Византийский император после своего поражения попробовал снова завязать отношения с Барбароссой, чтобы совместно действовать против их общего противника в Южной Италии. С той же целью он послал послов и к папе. Но его старания не увенчались успехом ни там, ни здесь. Зато король Вильгельм задумал новую войну с греческой империей. Он приказал снарядить 140 галер и 24 грузовых суда и отдал их под команду брату Майо, Стефану. В июне 1157 года этот флот пришел в Негропонте, одержал победу над византийскими кораблями, разграбил и разрушил значительную часть греческого материка. После четырехмесячного похода флот триумфально и с добычей возвратился в Палермо. Греческий император после этих многократных и унизительных поражений не рисковал уже воевать со своим врагом и вступил с ним в переговоры, результатом которых было заключение мира с Сицилией на тридцать лет.

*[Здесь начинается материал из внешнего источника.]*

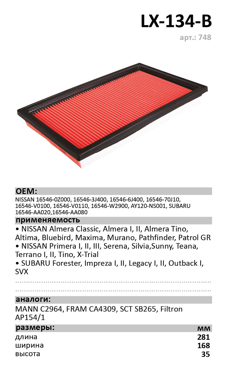 Фильтр воздушный LUXE LX-134-B
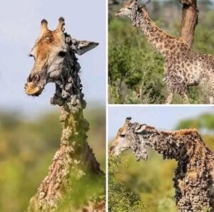 On this trip in December, what began as a routine safari drive quickly transformed into a moment neither Marius nor Michelle would ever forget — and a moment that would soon captivate people worldwide. While searching for lions along the tar road, they found nothing and decided to turn onto a quieter gravel path. It was there that Marius first spotted two giraffes emerging from the dense bush, followed by a third that immediately caught his attention. This particular giraffe was unlike any he had seen before, covered with unusual growths all over her body.

Вильгельм I, благодаря папской инвеституре, усмирению апулийского мятежа и заключению мира с Византией, утвердивший и усиливший свою власть, и не думал о милости к побежденным врагам или к тем людям, которые смели против него подниматься. Графа Готфрида, который был главой мятежных вассалов в Бутере и на котором лежало еще подозрение в том, что после капитуляции он хотел сесть в Мессине на корабль, чтобы вновь пристать к противникам сицилийского правительства, он приказал ослепить и заключить в тюрьму. И канцлер, прежний полководец Асклиттин, на основании ли клеветы или за действительное преступление, впал при дворе в немилость и был посажен в тюрьму. Такая же судьба постигла многих сицилийских греков. Здесь при выборе наказаний Вильгельм проявил такую жестокость, какую не допускали ни его отец, ни гроссграф Рожер, по крайней мере, в такой же степени.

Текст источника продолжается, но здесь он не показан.